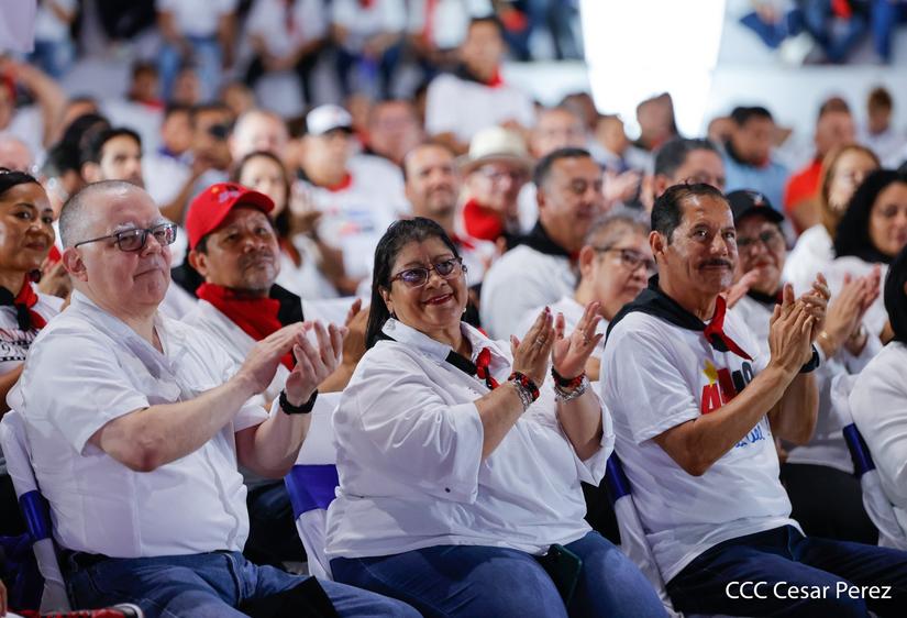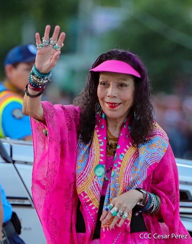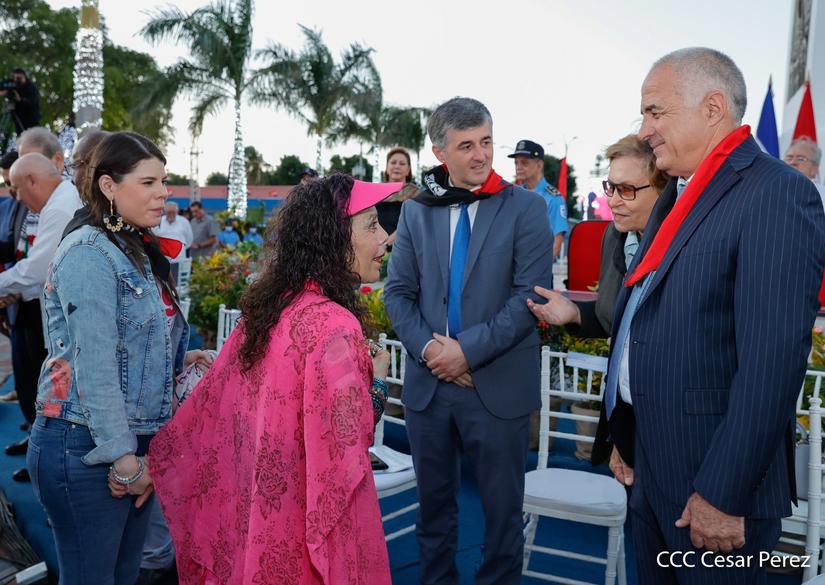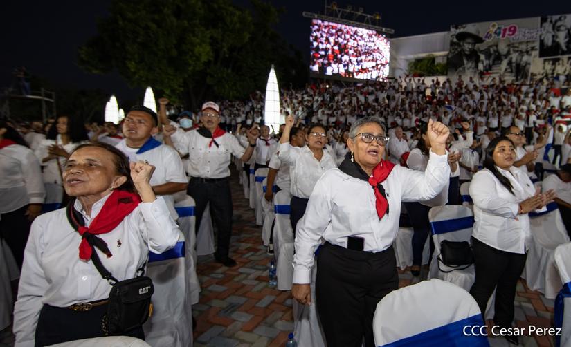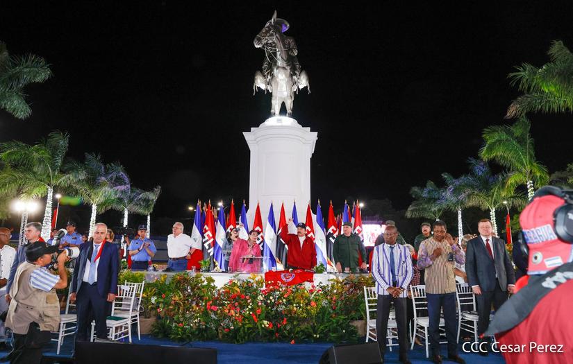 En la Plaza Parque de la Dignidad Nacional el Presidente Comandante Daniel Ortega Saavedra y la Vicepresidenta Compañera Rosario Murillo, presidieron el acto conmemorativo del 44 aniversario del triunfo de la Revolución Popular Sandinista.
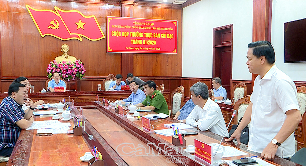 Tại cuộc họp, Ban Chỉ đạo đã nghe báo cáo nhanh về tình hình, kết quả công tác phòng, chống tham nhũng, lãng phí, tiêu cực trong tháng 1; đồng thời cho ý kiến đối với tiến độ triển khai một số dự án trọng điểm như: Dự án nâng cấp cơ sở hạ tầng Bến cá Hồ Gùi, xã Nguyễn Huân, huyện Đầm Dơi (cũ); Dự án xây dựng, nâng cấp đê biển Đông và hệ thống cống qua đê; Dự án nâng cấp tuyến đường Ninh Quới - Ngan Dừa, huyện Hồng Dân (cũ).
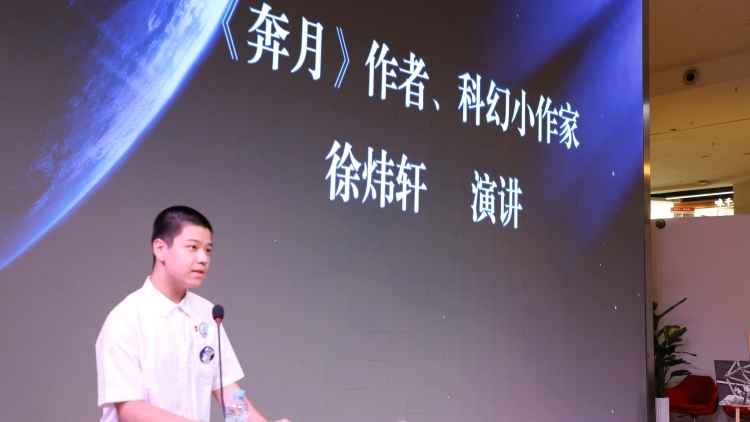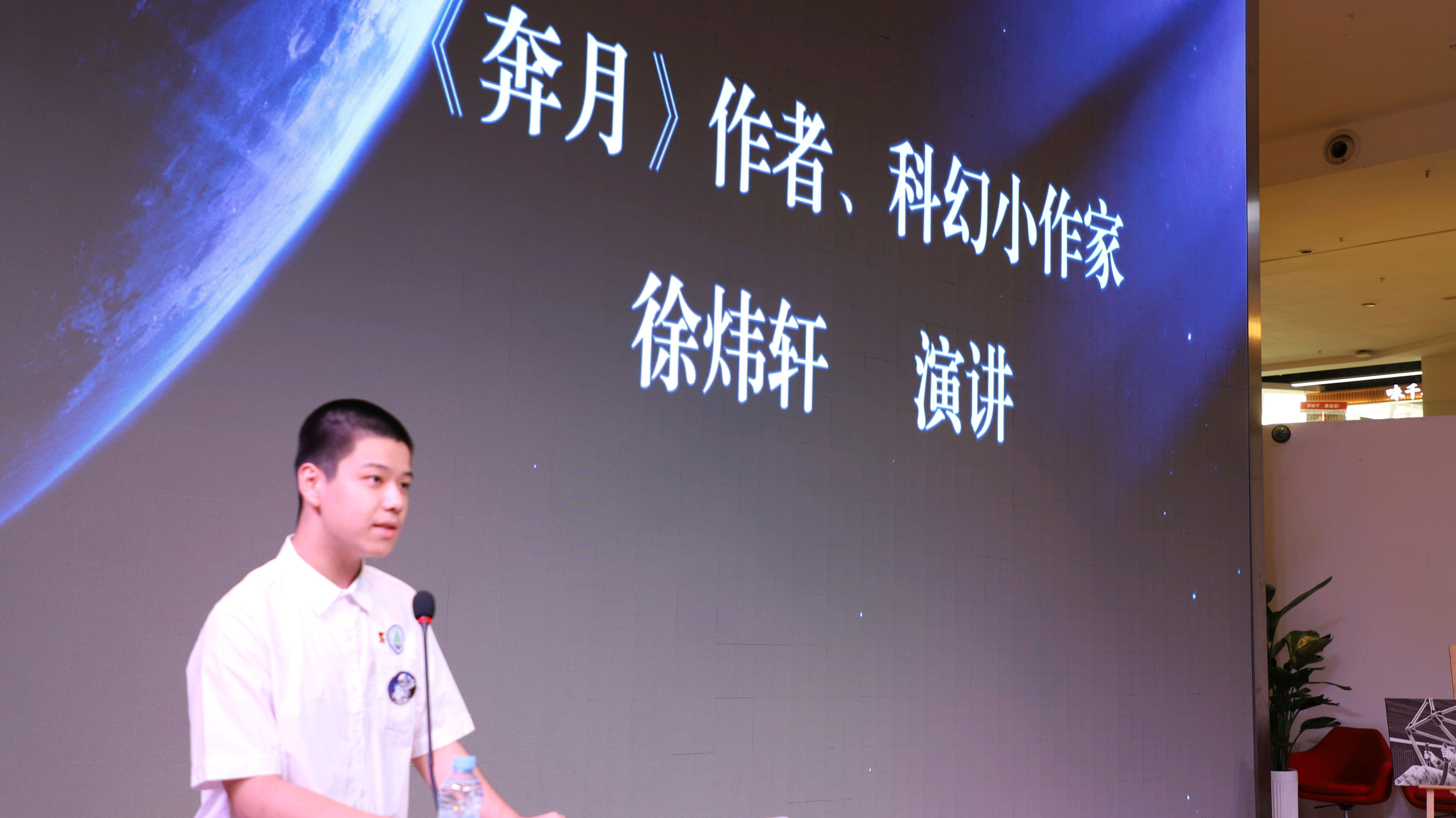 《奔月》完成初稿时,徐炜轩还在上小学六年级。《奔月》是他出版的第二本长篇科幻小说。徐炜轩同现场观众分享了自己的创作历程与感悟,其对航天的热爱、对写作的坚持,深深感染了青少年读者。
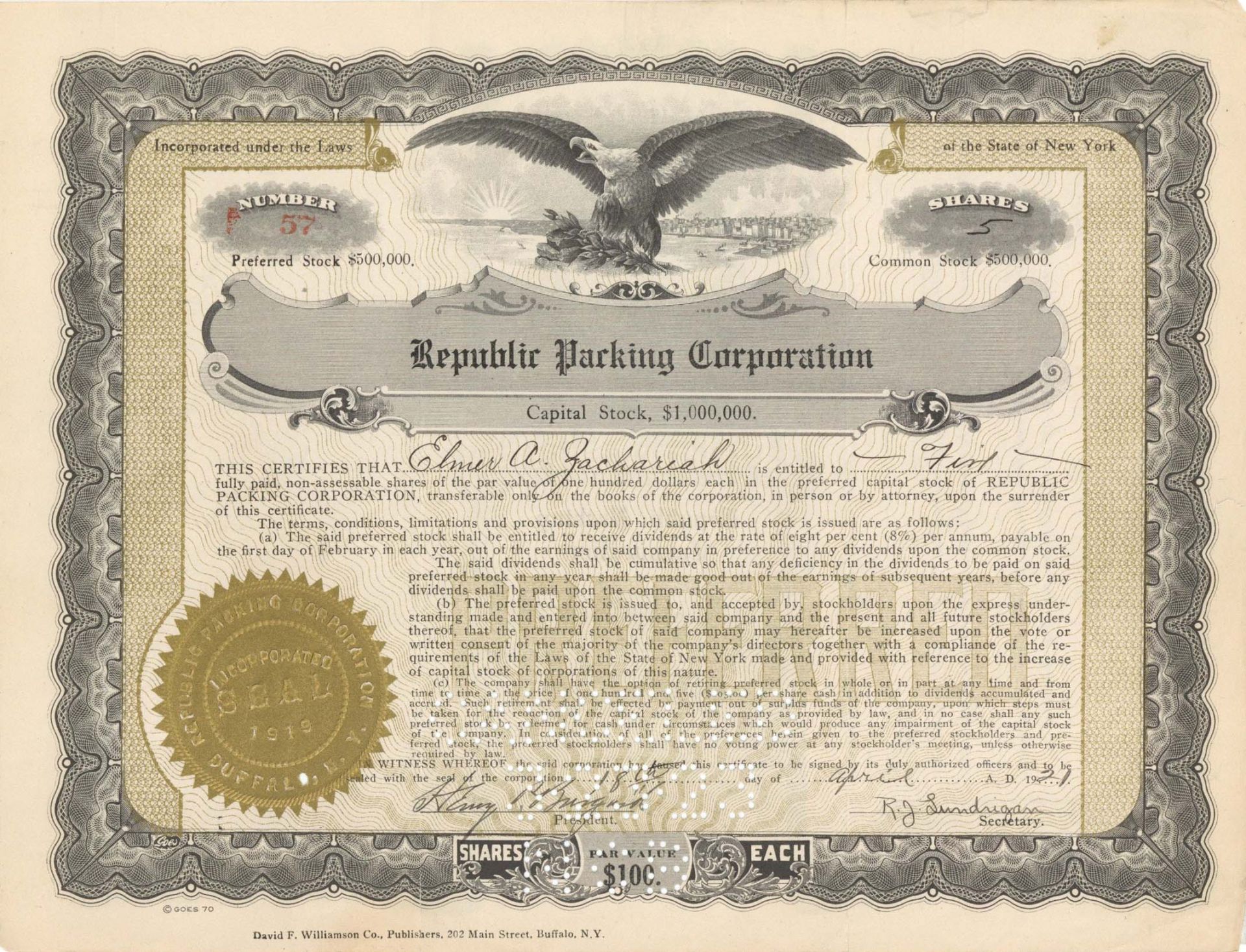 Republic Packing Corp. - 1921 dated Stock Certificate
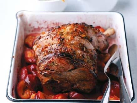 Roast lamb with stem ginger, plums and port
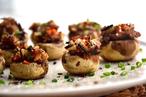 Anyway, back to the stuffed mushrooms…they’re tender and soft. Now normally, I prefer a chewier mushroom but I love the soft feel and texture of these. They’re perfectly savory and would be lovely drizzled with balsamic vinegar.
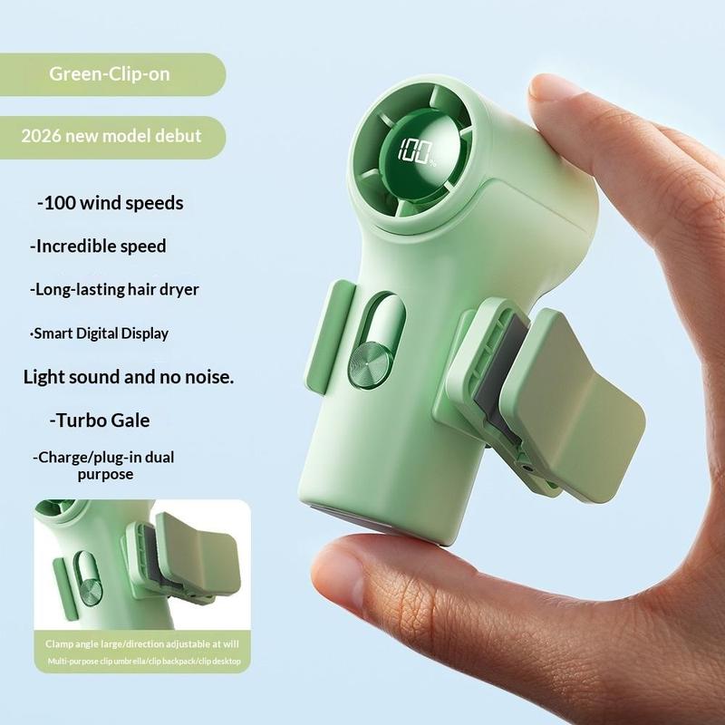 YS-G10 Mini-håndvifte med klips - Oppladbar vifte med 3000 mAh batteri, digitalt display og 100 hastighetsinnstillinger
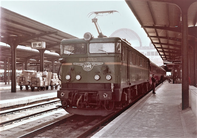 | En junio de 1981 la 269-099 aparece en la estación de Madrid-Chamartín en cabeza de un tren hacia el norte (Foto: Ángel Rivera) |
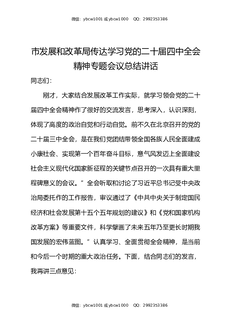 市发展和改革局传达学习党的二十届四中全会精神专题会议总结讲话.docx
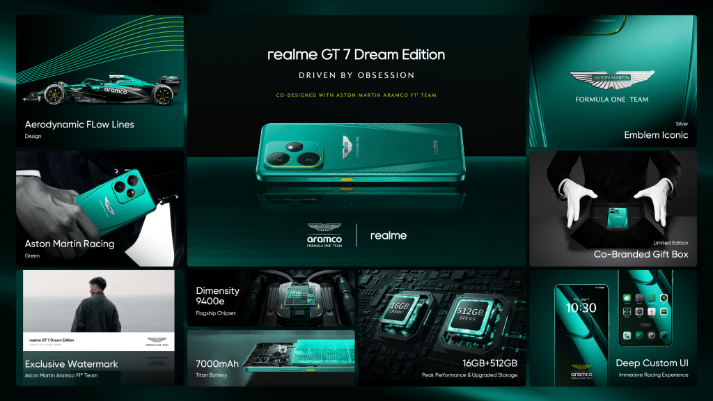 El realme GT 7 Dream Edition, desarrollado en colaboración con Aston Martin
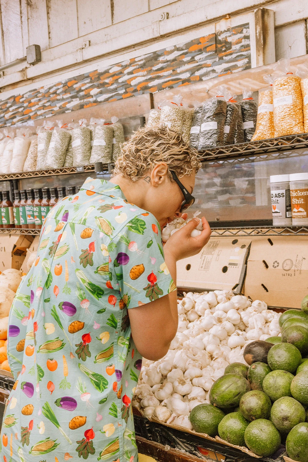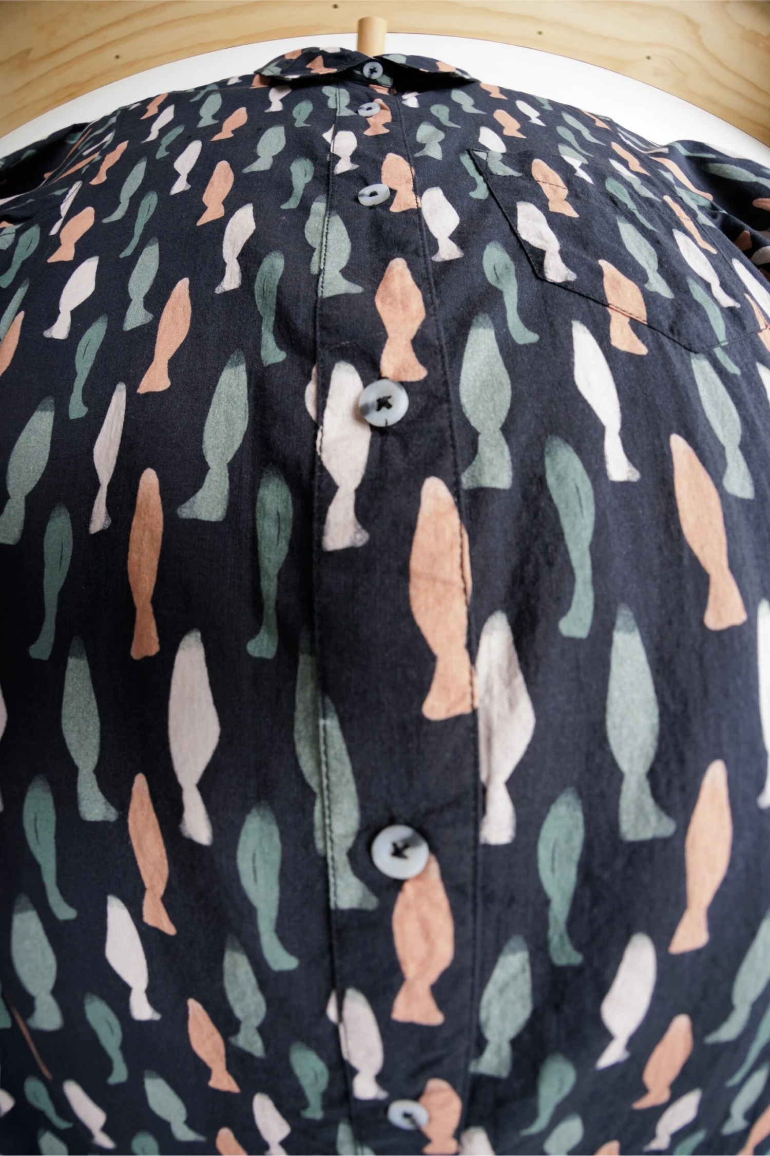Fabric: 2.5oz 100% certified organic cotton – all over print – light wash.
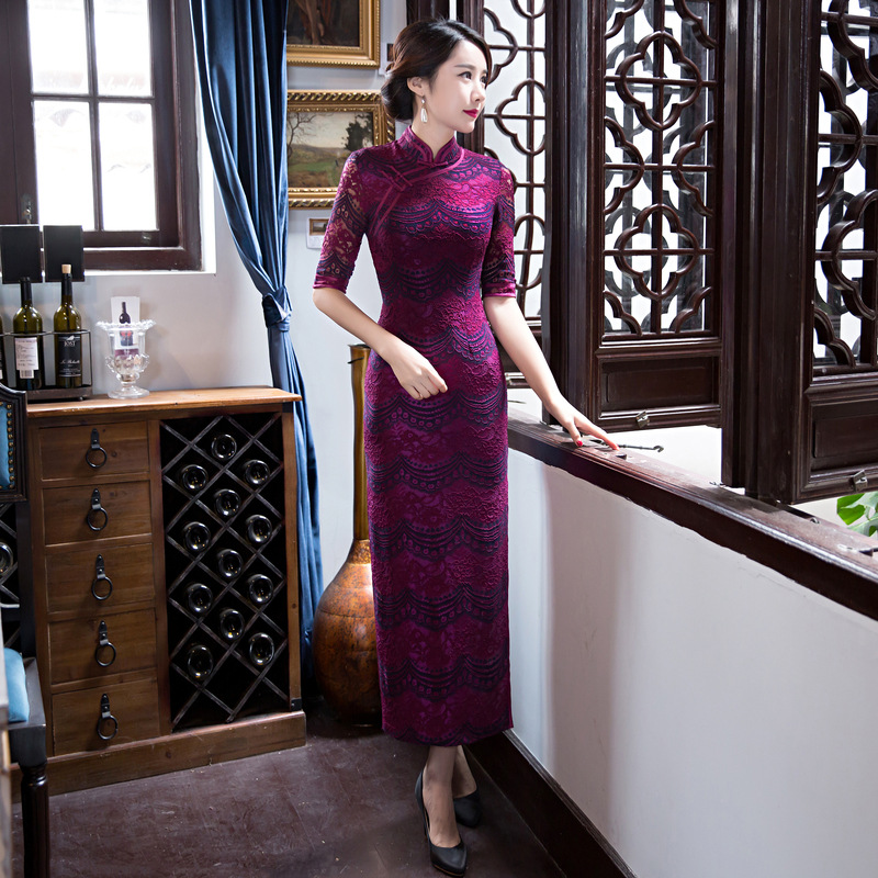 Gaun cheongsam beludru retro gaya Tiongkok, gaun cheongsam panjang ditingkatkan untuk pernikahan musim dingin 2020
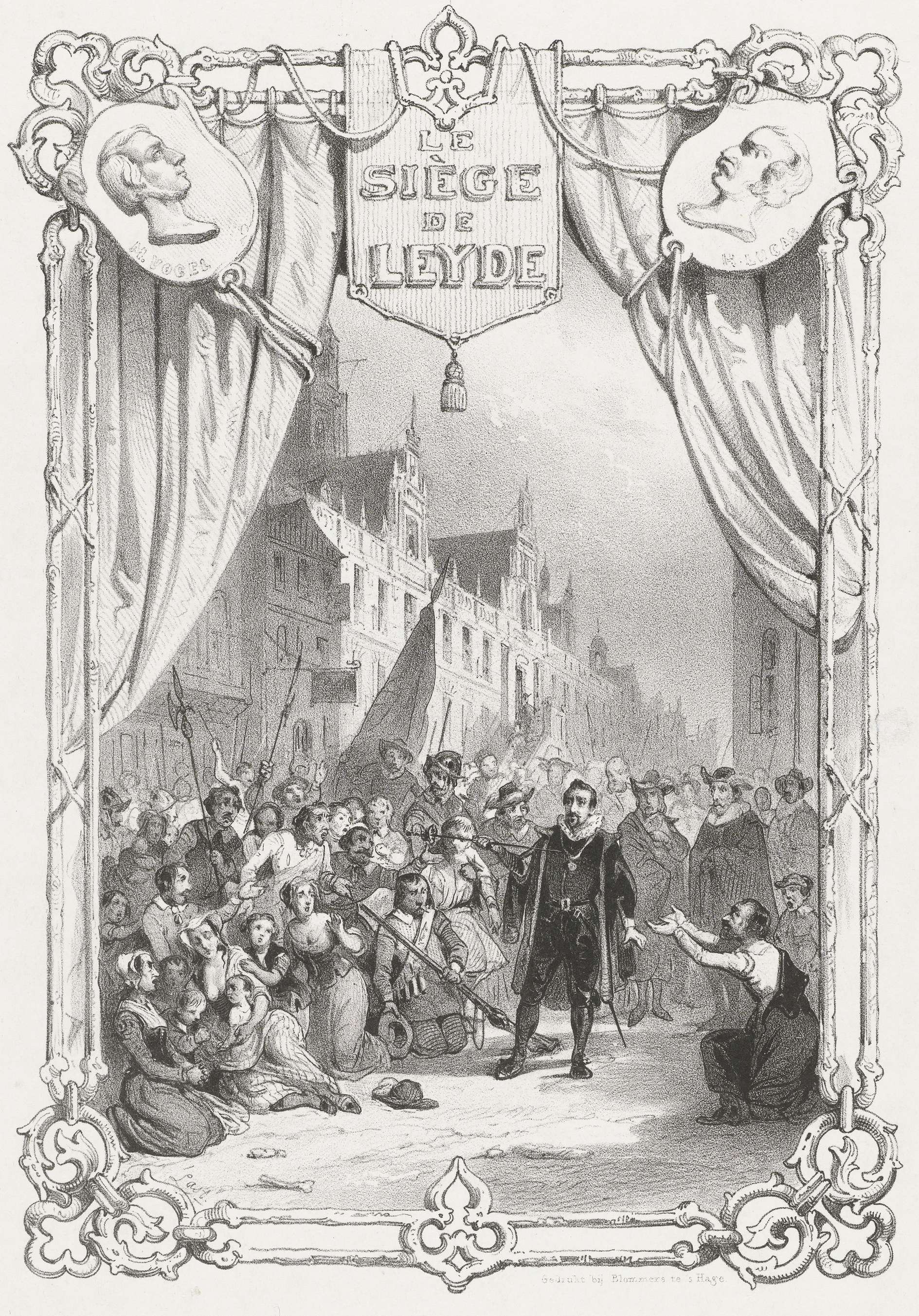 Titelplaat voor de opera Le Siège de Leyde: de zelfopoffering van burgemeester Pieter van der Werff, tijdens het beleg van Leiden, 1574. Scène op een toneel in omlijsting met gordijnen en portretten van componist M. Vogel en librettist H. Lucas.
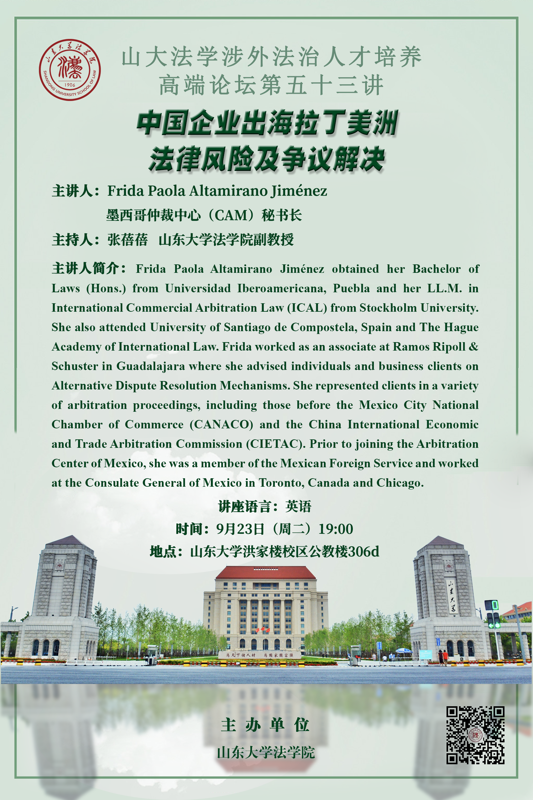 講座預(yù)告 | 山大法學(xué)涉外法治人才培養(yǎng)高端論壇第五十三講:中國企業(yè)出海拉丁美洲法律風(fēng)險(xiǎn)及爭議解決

_ _ _

Aim of the exercise
Leave out every picture, and copy exactly the lines above starting at the one holding "Republic Packing Corp." and ending at the one holding "Roast lamb with stem ginger, plums and port", no more and no less.

Written solution
 Republic Packing Corp. - 1921 dated Stock Certificate
 Roast lamb with stem ginger, plums and port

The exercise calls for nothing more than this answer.